Nog een stuntteam van de bovenste plank was de Franse Patrouille de l’Ecole de l’Air, die met behulp van haar Morane 225 hoogdekkers prachtige tekeningen aan de hemel schetste. Frankrijk demonstreerde vervolgens nog formatievluchten met de Morane 406, de Breguet 691 en de Leo 45 – toestellen die op dat moment tot de modernste van de Armée de l’Air behoorden.

Negen Fairey Battles van het Everse Luchtvaartregiment, geleid door de illustere kapiteinde Hepcée, gingen de reuzen van de meeting vooraf. Evenveel Wellingtons van de Royal Air Force toonden de slagkracht van Bomber Command. Fighter Command daarentegen etaleerde zijn Hurricane, gevlogen door niemand minder dan de Hawker-testpiloot Flight Lieutenant Richard ‘Dick’ Reynell. De Britten geloofden nadien graag dat Ehrhard Milch bezorgd toekeek hoe de Britse jager op ongeëvenaarde wijze wentelde en keerde boven de Brusselse hoofden. Meteen daarna toonden de Belgische piloten kapiteinRuquoi en de adjudanten Lucien Claert en Robert Verlinden welke kunsten zij met hun Hurricanes, het jongste paradepaardje van de Militaire Luchtvaart, al onder de knie hadden.
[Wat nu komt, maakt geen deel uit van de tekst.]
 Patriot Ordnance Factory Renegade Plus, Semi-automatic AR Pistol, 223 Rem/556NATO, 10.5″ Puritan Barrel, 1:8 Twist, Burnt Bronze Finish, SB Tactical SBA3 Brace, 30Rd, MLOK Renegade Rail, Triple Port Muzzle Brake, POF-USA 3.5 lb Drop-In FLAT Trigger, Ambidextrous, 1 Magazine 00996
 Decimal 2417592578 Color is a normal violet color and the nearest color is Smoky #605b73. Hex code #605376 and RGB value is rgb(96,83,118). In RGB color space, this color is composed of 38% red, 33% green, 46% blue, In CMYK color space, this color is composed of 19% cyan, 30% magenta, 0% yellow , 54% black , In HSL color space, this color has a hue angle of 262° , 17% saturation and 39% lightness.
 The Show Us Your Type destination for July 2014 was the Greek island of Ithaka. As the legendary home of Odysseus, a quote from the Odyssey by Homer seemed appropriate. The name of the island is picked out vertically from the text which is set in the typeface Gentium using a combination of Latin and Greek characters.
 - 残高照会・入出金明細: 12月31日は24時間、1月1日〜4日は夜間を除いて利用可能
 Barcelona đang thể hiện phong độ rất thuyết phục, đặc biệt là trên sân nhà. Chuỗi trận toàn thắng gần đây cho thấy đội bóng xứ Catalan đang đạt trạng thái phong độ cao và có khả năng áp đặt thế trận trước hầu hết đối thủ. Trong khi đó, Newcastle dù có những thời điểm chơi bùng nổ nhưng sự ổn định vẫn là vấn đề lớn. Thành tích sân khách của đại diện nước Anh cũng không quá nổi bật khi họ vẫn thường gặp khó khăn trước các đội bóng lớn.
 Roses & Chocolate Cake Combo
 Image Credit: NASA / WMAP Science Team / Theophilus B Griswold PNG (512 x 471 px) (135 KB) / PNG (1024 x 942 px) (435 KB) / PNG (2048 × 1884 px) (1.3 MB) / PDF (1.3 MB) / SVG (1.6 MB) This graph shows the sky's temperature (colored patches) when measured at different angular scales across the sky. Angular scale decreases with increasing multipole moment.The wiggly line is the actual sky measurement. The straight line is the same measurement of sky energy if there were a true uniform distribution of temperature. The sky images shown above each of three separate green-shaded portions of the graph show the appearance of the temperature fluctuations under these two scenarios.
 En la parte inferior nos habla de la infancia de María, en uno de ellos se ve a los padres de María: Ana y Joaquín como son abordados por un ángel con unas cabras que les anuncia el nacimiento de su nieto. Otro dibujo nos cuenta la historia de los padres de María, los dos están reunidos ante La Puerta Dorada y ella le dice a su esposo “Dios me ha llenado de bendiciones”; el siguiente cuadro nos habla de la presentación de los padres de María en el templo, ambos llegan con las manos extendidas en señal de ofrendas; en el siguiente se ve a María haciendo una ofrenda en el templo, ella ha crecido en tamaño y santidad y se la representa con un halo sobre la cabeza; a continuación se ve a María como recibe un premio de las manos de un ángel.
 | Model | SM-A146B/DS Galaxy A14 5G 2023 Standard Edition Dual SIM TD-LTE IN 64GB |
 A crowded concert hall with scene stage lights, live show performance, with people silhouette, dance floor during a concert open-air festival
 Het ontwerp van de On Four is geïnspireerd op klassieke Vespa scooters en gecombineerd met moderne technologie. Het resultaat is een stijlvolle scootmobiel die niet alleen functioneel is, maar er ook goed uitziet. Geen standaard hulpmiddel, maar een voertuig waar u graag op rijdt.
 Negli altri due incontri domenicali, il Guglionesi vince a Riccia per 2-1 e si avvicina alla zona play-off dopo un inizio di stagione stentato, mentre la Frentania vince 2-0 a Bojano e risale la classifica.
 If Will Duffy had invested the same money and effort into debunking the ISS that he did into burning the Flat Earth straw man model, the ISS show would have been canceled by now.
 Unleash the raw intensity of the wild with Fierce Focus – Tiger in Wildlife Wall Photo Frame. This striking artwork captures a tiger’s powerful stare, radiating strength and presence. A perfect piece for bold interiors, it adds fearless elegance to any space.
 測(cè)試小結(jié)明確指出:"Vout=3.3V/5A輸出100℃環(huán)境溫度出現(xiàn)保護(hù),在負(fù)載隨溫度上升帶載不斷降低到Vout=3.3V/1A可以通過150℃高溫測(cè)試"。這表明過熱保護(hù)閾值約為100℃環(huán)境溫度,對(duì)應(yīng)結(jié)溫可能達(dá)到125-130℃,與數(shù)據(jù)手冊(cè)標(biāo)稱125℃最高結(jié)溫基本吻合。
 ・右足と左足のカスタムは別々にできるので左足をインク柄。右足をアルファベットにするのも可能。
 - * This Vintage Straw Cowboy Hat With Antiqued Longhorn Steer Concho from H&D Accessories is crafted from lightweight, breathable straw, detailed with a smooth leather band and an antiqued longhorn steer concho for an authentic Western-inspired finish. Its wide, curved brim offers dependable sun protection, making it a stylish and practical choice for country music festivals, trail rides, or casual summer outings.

De Zwitsers verzorgden een interludium met hun C.35’s van eigen fabricaat en vervolgens was het luitenant Philippart die een acrobatiedemonstratie gaf met de SV-4B. België had er dertig van besteld, maar het zou nog vijf jaar duren alvorens deze bestelling zou zijn uitgevoerd.

De show eindigde met groots machtsvertoon. Drie smaldelen met elk negen Fairey Foxes vormden een vlekkeloos romeins cijfer XXV, om aldus de vijfentwintigste verjaardag van de Belgische luchtstrijdkrachten te vieren.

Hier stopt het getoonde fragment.